_Work instructions_
Only the stretch below from the line holding "s i z e : 4.5" through the line holding "- If you like" should be restated, word for word and with both ends included; pictures stay out.

_The input_
▼▼▼
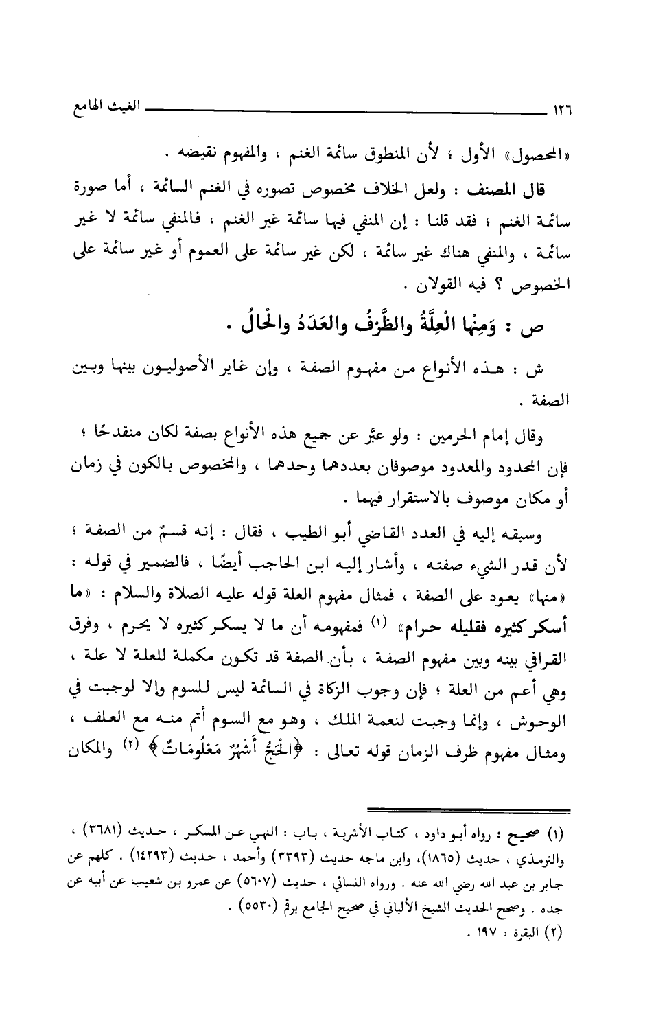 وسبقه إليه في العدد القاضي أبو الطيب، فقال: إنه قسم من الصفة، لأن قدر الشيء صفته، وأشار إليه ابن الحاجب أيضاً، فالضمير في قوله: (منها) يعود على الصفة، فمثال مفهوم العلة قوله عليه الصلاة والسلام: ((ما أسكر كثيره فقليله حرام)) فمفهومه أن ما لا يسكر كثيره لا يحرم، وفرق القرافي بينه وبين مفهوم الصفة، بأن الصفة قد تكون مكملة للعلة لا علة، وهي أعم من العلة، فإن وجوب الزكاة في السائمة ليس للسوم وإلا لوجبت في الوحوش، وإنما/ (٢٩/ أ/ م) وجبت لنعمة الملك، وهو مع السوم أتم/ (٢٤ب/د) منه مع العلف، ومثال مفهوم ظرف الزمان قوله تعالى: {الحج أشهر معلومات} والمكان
▲▲▲
▼▼▼
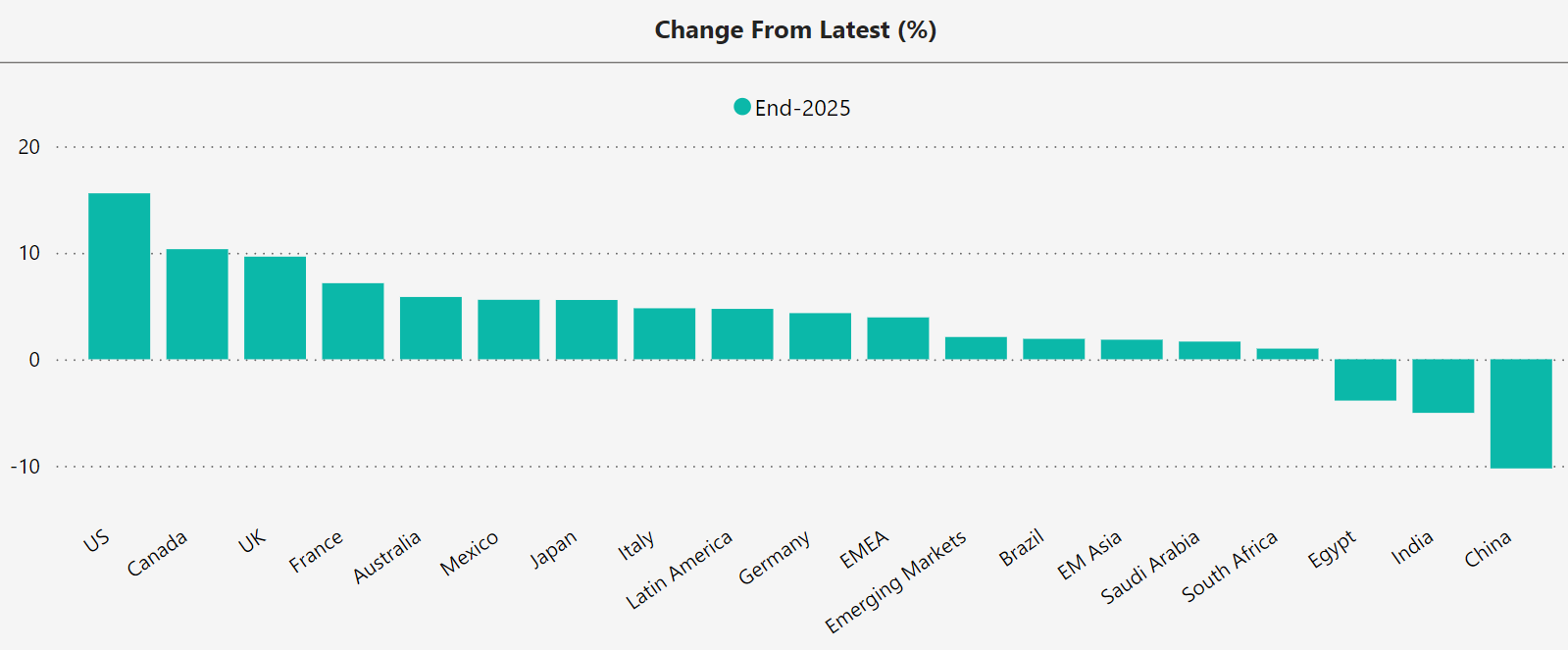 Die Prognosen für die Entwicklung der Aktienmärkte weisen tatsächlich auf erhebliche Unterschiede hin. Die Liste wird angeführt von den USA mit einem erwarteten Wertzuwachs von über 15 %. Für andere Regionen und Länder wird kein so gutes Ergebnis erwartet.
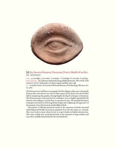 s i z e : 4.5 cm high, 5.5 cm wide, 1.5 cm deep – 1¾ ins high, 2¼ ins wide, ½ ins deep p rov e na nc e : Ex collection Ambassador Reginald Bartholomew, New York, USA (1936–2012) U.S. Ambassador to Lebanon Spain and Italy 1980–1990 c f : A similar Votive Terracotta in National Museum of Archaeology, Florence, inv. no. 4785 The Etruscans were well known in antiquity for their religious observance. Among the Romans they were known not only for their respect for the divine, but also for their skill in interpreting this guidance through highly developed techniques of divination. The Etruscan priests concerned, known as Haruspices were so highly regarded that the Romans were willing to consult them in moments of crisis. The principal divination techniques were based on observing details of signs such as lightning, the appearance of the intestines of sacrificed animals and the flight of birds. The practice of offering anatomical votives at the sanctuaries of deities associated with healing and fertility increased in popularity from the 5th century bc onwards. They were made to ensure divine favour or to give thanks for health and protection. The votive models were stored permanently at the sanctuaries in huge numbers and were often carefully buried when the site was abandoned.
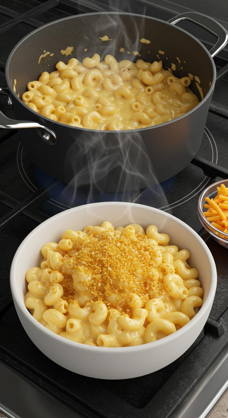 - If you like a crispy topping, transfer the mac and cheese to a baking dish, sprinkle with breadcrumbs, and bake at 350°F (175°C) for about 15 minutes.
▲▲▲
_Response to the task_
 s i z e : 4.5 cm high, 5.5 cm wide, 1.5 cm deep – 1¾ ins high, 2¼ ins wide, ½ ins deep p rov e na nc e : Ex collection Ambassador Reginald Bartholomew, New York, USA (1936–2012) U.S. Ambassador to Lebanon Spain and Italy 1980–1990 c f : A similar Votive Terracotta in National Museum of Archaeology, Florence, inv. no. 4785 The Etruscans were well known in antiquity for their religious observance. Among the Romans they were known not only for their respect for the divine, but also for their skill in interpreting this guidance through highly developed techniques of divination. The Etruscan priests concerned, known as Haruspices were so highly regarded that the Romans were willing to consult them in moments of crisis. The principal divination techniques were based on observing details of signs such as lightning, the appearance of the intestines of sacrificed animals and the flight of birds. The practice of offering anatomical votives at the sanctuaries of deities associated with healing and fertility increased in popularity from the 5th century bc onwards. They were made to ensure divine favour or to give thanks for health and protection. The votive models were stored permanently at the sanctuaries in huge numbers and were often carefully buried when the site was abandoned.
 - If you like a crispy topping, transfer the mac and cheese to a baking dish, sprinkle with breadcrumbs, and bake at 350°F (175°C) for about 15 minutes.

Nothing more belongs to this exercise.